In recent years, it has been found that
99mTc can be used to quantify the osteogenic potential of cell cultures in vitro [
14,
15]. This is highly relevant in bone tissue engineering (BTE). Among other things, BTE assesses the ability of cell lines to form bone tissue under different conditions [
16]. In particular, osteogenic differentiation of human mesenchymal stem cells (MSCs) has become a standard procedure in BTE [
11,
17]. Osteogenic potential is usually determined by quantifying the amount of hydroxyapatite secreted, since approximately 65% of bone tissue is made up of inorganic mineral, and hydroxyapatite accounts for up to 85% of this extracellular matrix [
13,
18]. This quantification requires an easily available and highly sensitive method to detect hydroxyapatite. The current gold standard for detecting hydroxyapatite, as defined by the Society of Cellular Therapy, is histological alizarin red staining [
19]. While this method allows the quantification of hydroxyapatite, it is an elaborate process that has the disadvantage of permanently destroying the cell culture. Furthermore, it is not suitable for monitoring the differentiation towards the osteogenic lineage during the ongoing cell culture [
20]. However, labeling with
99mTc-polyphosphonates does not require the termination of the cell culture [
21]. Therefore, it is theoretically possible to conduct further experiments with the same cell culture after labeling, and monitoring the osteogenic differentiation during the running cell culture would also, probably, be possible. This would constitute a huge scientific and economic benefit for researchers. However, some radioactive nuclides are known to have adverse effects on cell cultures [
22], and it is not known whether that is the case for
99mTc. This is vital to know as such harm would preclude the use of
99mTc for monitoring purposes.

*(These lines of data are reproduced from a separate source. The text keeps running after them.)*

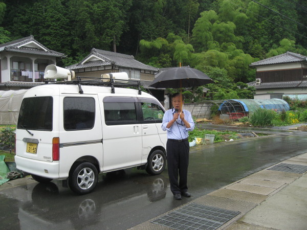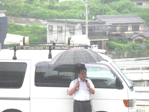 16日、あいにくの雨になりましたが6月議会報告と大震災についての街頭宣伝でした。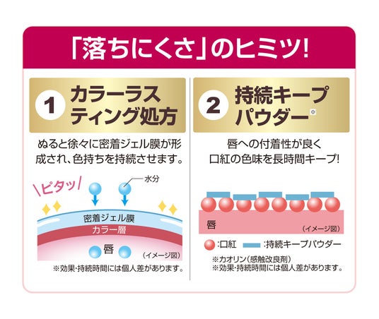 さらに唇への付着性が良い持続キープパウダーを配合。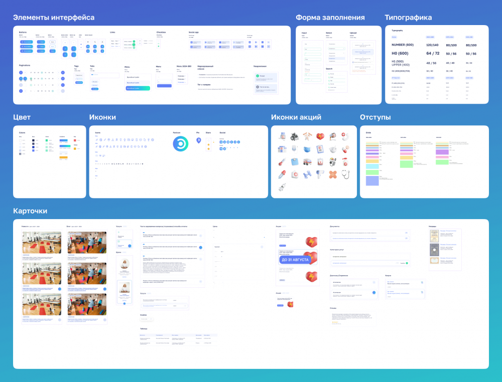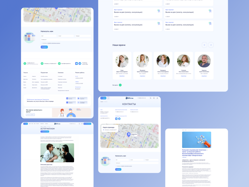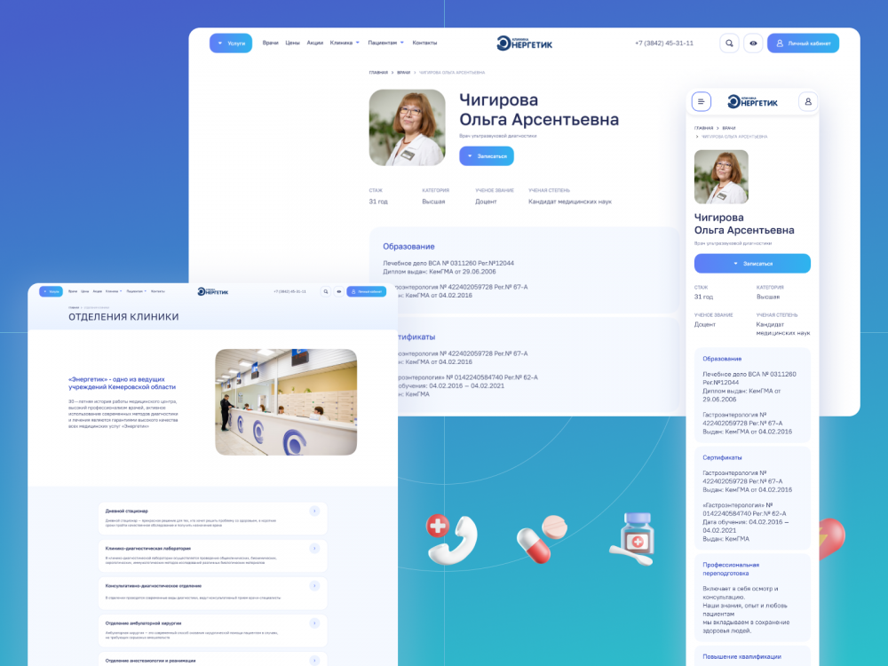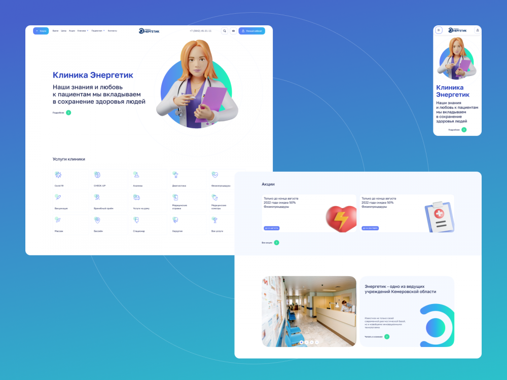 Стилистика нового сайта перекликается с дизайн-системой приложения «Энергетик». Градиенты от бирюзового к синему создают ассоциации с медицинской сферой.

Therefore, this study was performed to assess the effect of repeated labeling with
99mTc on cell viability, and the ability of cell cultures to retain their differentiation potential to form hydroxyapatite.
This promising method can only be used for labeling living cell cultures if the procedure can be performed quickly, as the labeling method requires the temporary removal of cell culture media, and a prolonged exposure to room temperature [
14,
15,
23]. The incubation time needed to bind the
99mTc-compound to the hydroxyapatite is, therefore, a limiting factor. Unfortunately, this has not yet been determined under experimental conditions. Previous publications used incubation times of 2 h, but the minimal incubation time needed may be substantially lower as the binding process of the tracer probably happens within minutes. Furthermore, an absolute quantification of hydroxyapatite content in a cell culture requires the existing mineral to be completely saturated with
99mTc-HDP. However, little is known about the saturation concentration of
99mTc-HDP when used for assessing hydroxyapatite in vitro, whereas it is important to know how much activity is needed to fully saturate a certain amount of mineral. In previous experiments, semi-quantitative labeling was performed using 5 MBq by default, but the required amount of initial activity may be substantially lower or higher [
14,
15,
23].
Therefore, in the second part of this paper we present another study, which assessed the minimal incubation time and required radioactive activity for full saturation for labeling osteogenic cultures of hMSCs with 99mTc-HDP.
3. Discussion
Labeling with
99mTc-HDP is a highly sensitive method to determine hydroxyapatite formation in vitro. It has already been shown that
99mTc-HDP labeling can reliably quantify osteogenesis when compared to the gold standard of alizarin red staining [
14].
When assessing the osteogenic potential of stem cells, it has always been disputed whether the osteogenically differentiated cells actually form hydroxyapatite, and not a related calcium complex to which
99mTc-HDP can also bind [
24]. We performed an SEM/EDX test on our samples to address this issue, and establish whether
99mTc-HDP labeling is capable of marking actual hydroxyapatite.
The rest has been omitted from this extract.